Top of DATA SEGMENT

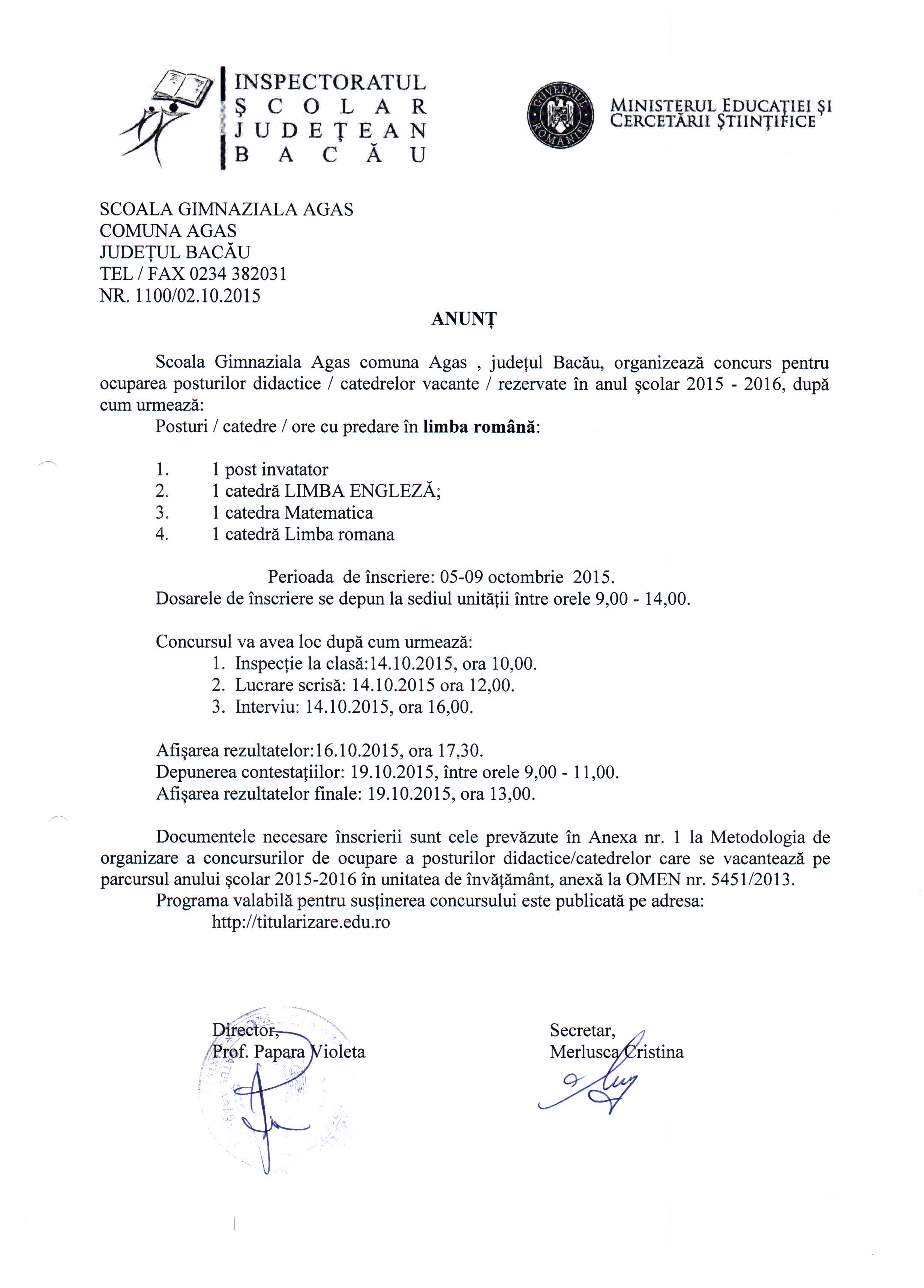 SCOALA GIMNAZIALA AGAS - ANUNT CONCURS
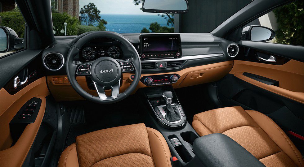 Главные обновки в салоне – мультимедийная система с дисплеем диагональю 10,25 дюйма (у прежнего K3/Cerato 8-дюймовый экран) и виртуальная «приборка» аналогичного размера. Также список оборудования пополнили электрический стояночный тормоз и система дистанционного запуска мотора. Кроме того, для интерьера предусмотрен новый вариант расцветки – сочетание черного с «насыщенным оранжево-коричневым».
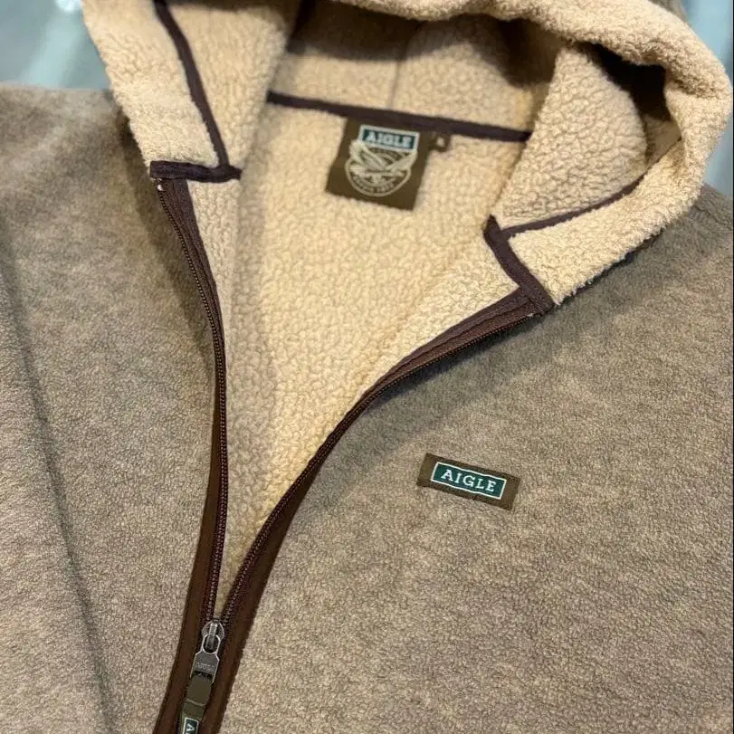 AIGLE 플리스 자켓 브라운 후드 부착 보아

Bottom of DATA SEGMENT

DIRECTIONS —
From the line containing "Главные обновки в" to the end of the data above, give those lines again verbatim, with both endpoints included and no images.

RESPONSE BELOW —
 Главные обновки в салоне – мультимедийная система с дисплеем диагональю 10,25 дюйма (у прежнего K3/Cerato 8-дюймовый экран) и виртуальная «приборка» аналогичного размера. Также список оборудования пополнили электрический стояночный тормоз и система дистанционного запуска мотора. Кроме того, для интерьера предусмотрен новый вариант расцветки – сочетание черного с «насыщенным оранжево-коричневым».
 AIGLE 플리스 자켓 브라운 후드 부착 보아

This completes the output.